CaMonitor -- Edge AI Nursery Safety Guard

Real-time child safety monitoring using pose estimation on a Raspberry Pi 4. No cloud, no subscription, no data leaving the device.

Built as a personal project and engineering portfolio piece -- deployed to monitor a 20-month-old toddler at home.

What It Does

CaMonitor runs a full computer vision pipeline on a Raspberry Pi 4 to detect potentially dangerous situations involving a young child in real time.

Alert types:

Alert	Category	Severity	Trigger
`ZONE_ENTRY`	Spatial	MEDIUM/HIGH	Child enters a mapped danger zone (bed edge, furniture, kitchen)
`INVERSION`	Posture	HIGH	Head drops below foot level (tumbling, hanging)
`CLIMBING`	Posture	HIGH	Wrists and knees simultaneously above hip level
`AIRBORNE`	Posture	MEDIUM	Both ankles above floor baseline
`RAPID_DESCENT`	Motion	HIGH	Hip Y-coordinate drops > 4% of frame height per frame

On detection, the system sends an email notification with alert type, severity, timestamp, and an attached JPEG frame showing the skeleton overlay.

Zone severity levels:

MEDIUM -- furniture zones (bed edge, sofa, chairs)
HIGH -- kitchen zone (fridge, water tap/basin, and oven used as spatial anchors for zone boundary definition)

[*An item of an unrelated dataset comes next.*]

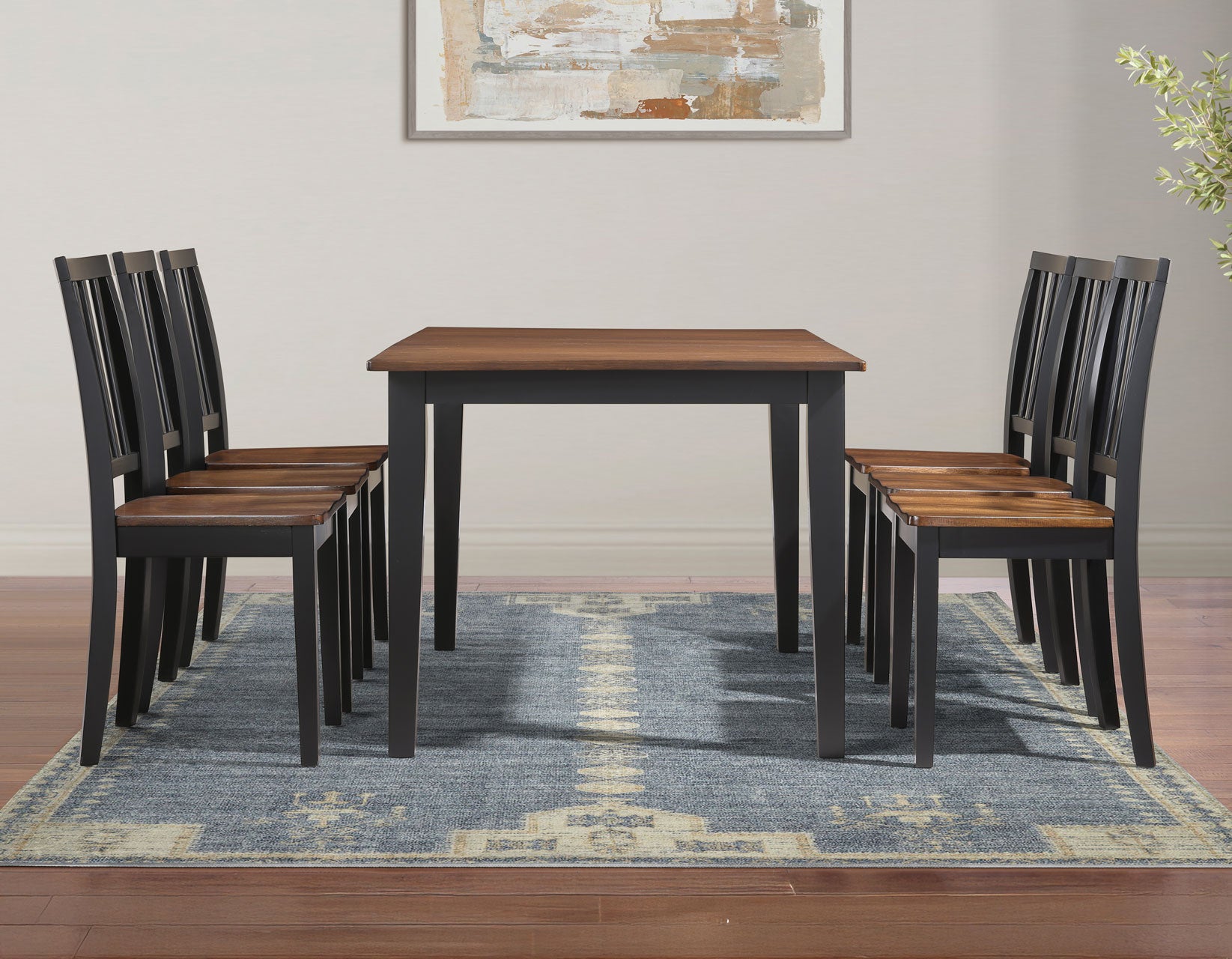 The Joplin Walnut and Ebony Dining Room Set combines timeless farmhouse charm with modern versatility. The 50-62″ dining table features a rich walnut veneer top, ebony-finished solid wood legs, and concave edges for added style. A 12″ leaf expands the table to seat six comfortably. Paired with four schoolhouse-inspired side chairs, finished in coordinating walnut and ebony tones, each scooped seat offers comfort while solid wood construction ensures lasting durability. Perfect for dining rooms or cozy spaces, Joplin delivers warmth, strength, and classic appeal. Discover more timeless and versatile furniture for your home at Luna Furniture.

Kitchen zone is defined by the convex hull of anchor objects (fridge, water tap/basin, oven) detected by YOLOv8s during the one-time room scan. Any keypoint inside this hull triggers a HIGH-severity alert.

System Output -- Real Frames

All frames below are actual system output captured during live testing.

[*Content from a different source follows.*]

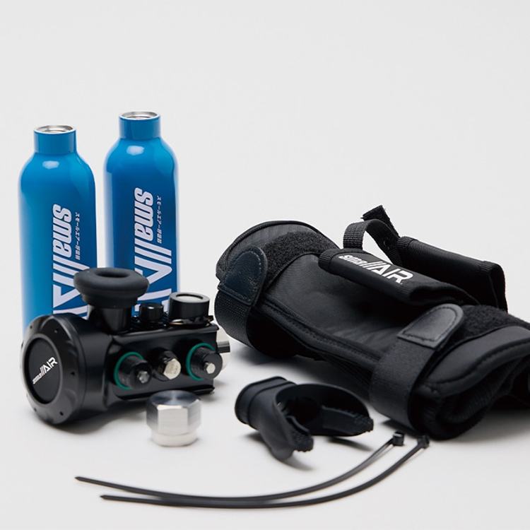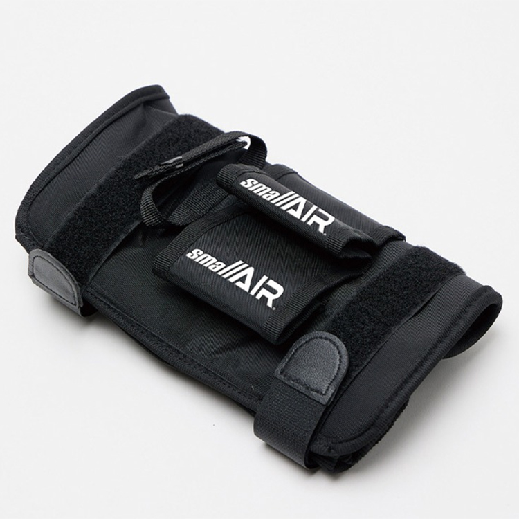 → small AIRは腕につける超小型ボンベです。600g、17cmと小型で超軽量。水着やラッシュガードのまま使うことができ、しかも両手が空きます。

CLEAR -- Adult Detected, Alerts Suppressed

FPS:6.6 Frame:1359 -- Status: CLEAR. Adult in squat/crouch position near desk. Green border = no active alerts. Orange skeleton overlay with green keypoints tracked correctly. Adult filter correctly identifies adult body (bbox area > 0.02) and suppresses all alerts despite low crouching posture -- demonstrating orientation-invariant adult classification.

ZONE_ENTRY -- Toddler Enters Bed Zone

FPS:4.4 Frame:2183 -- [MEDIUM] ZONE_ENTRY bed. Toddler standing and playing near the bed edge zone. Blue zone boxes for bed (top-left) and chair (bottom) visible. Full toddler skeleton tracked at 0.55 confidence threshold. Adult legs partially visible on right edge of frame -- adult filter correctly suppresses adult body, alerting only on the toddler.

CLIMBING -- Toddler Reaches Above Hip Level

FPS:5.2 Frame:2297 -- [HIGH] CLIMBING (wrists+knees above hip_y=0.33). Red border = HIGH severity alert. Toddler reaching upward with arm fully extended above head level while seated at toy desk. Green keypoints on shoulder, elbow, and wrist chain. System correctly classifies elevated wrist position as climbing behaviour.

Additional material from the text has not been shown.